Understand publishing

Commerce saves publishable changes to named worksets. When you want to publish changes, you publish the workset that contains them. You can publish the changes in all worksets at once, or you can pick a specific workset to publish.

This section provides details about how Commerce handles publishible changes. See Understand worksets to learn about how Commerce uses worksets to organize those changes.

Keep the following points in mind as you prepare to publish changes:

  • Commerce does not use versioning for items you edit and publish. There is only one version of each item in your system.

    For example, a merchandiser changes the long description and list price of a product and then saves his changes but does not publish the workset they are saved in. Later that day, his manager changes the product’s list price again, saves her changes to the same workset and then publishes the workset. The most recent changes to the product—the merchandiser’s long description and the manager’s list price—are published.

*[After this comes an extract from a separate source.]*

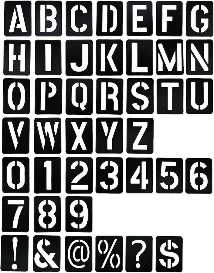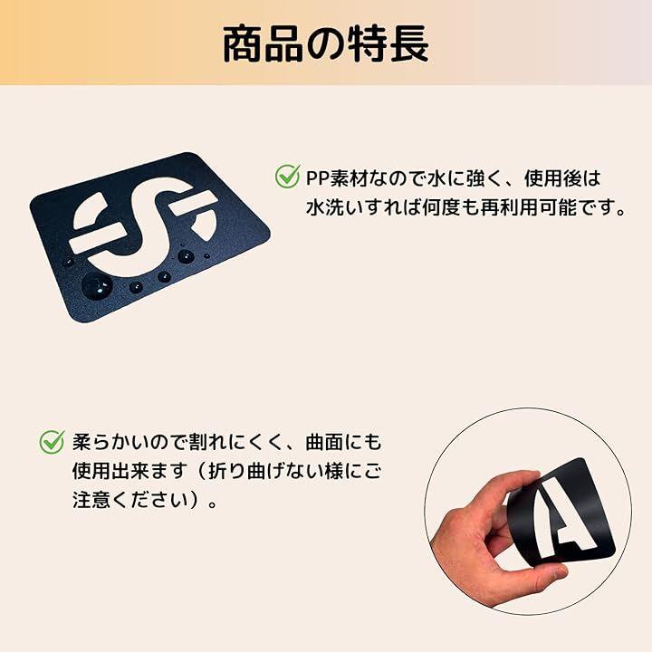 アルファベット(A-Z)、数字(0-9)、よく使用される記号(@、%、$など)を含む42枚の再利用可能なテンプレートが含まれています。

    Similarly, a single item can be saved to multiple worksets. In this case, the most recent changes to the item, no matter which workset they are in, get published first. Looking at the previous example, suppose the merchandiser saved a product’s new long description and price list in #julyWorkset and then his manager changed the product’s price list again and saved the change in #default. No matter which of these worksets is published first, the result is the same: the merchandiser’s long description and the manager’s list price are published. Then Commerce removes the product from the workset that has not yet published.

  • You cannot roll back or undo published changes.
  • Some changes do not need to be published, and take effect on your production server as soon as you save them. See Changes that do not require publishing for more information.
  • Some changes must be published together to maintain the integrity of their relationships. See Understand dependencies for more information.
  • While changes are being published, you cannot work with any publishable items in the administration interface. Commerce displays a Publish in Progress message dialog to inform you of this state.

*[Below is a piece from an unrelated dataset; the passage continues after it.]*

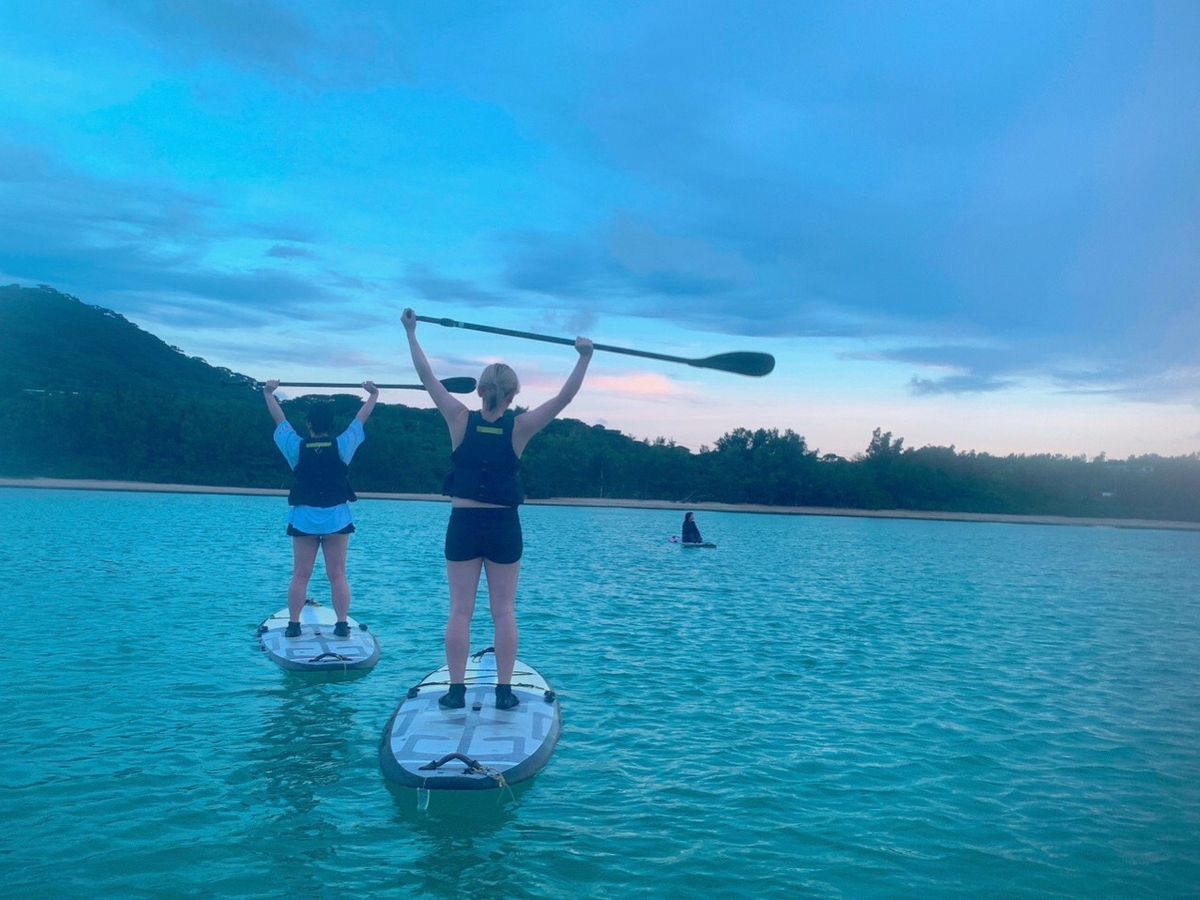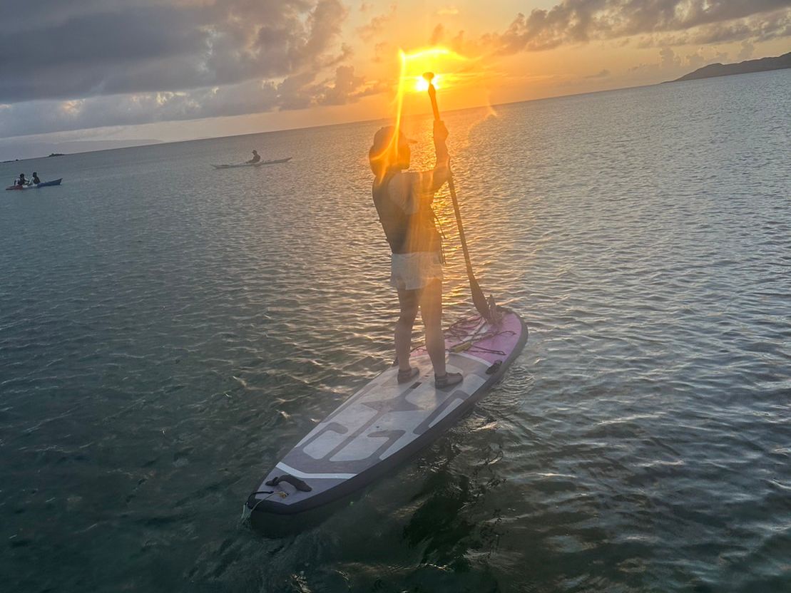 サンセット&ナイトSUPは、忘れられない体験になりました。サンセットでは、夕日が海に沈むまで自由にSUPを楽しむことができました。夕日の色が水面に映って、まるで絵画のような美しさでした。SUPに乗っていると、自分が海の一部になったような感覚になりました。夕日が沈んだ後も、空はまだオレンジ色に染まっていて、とてもロマンチックでした。

    Although you cannot use the administration interface, programs that implement the Commerce REST APIs might still attempt to update endpoints while changes are being published. During a publish operation, Commerce responds to all PUT or POST calls to endpoints that update publishable resources with HTTP status code 503, Service Unavailable.

Changes that do not require publishing

Not all changes you make are added to worksets for publishing. Some changes made in the administration interface take effect on your production storefront as soon as you save them. Some changes are automatically published during the next publish.

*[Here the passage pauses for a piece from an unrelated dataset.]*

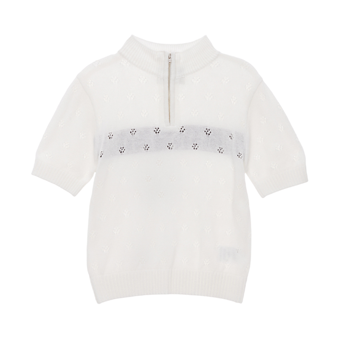 (W) 마뗑킴 크로쉐 하프 집 업 니트 탑 아이보리

The following types of changes take effect as soon as you save them and are not added to worksets for publishing. Commerce lets you know you are making these types of changes by displaying a message in the changes tracker. See Understand worksets for more information.

  • Shopper settings, such as changes to the password policy.
  • Access control settings, such as changes to internal user profiles.
  • Inventory updates.
  • Account settings, for stores that support account-based commerce.
  • If direct price editing is enabled for your Commerce store, any price changes you make are available on the storefront without publishing. See Update prices without publishing for more information.
  • If direct catalog editing is enabled for your Commerce store, any catalog changes you make are available on the storefront without publishing. See Edit catalog items without publishing for more information.

The following types of changes are automatically published with the next workset or full publish that happens after they are saved. Commerce lets you know you are making these types of changes by displaying a message in the changes tracker. See Understand worksets for more information.

  • Search settings, like index fields. Search settings to not appear in any workset changes list.
  • Certain changes you make to the catalog, such as creating a new product type or changing a price list group, appear as a single item called Catalog Configuration. The Catalog Configuration item appears at the top of the changes list in every workset until it is published.

Understand dependencies

Some Commerce items must be published together to maintain the integrity of their relationships. For example, if you update the description of a shipping method, Commerce must also publish the method's associated shipping regions, even if you did not make any changes to them. When you save changes to the shipping method, Commerce calculates the appropriate dependencies (the associated shipping regions) and also adds them to the same workset as the shipping method you saved.

Additionally, Commerce performs a final check before publishing a workset and displays dependencies that are not already in the changes list on the workset's Review and Schedule page. This list is populated by changes to dependencies that are saved in two different worksets. Consider the shipping method example described above. Both the shipping method and its associated shipping regions added to the same workset. But before that workset is published, suppose another user saves changes to one of the associated shipping regions in a different workset. The shipping method whose changes are saved in the first workset is not automatically added to the changes list in the second workset. But when the second workset is published, Commerce displays the shipping method as a dependency on that workset's Review and Schedule page.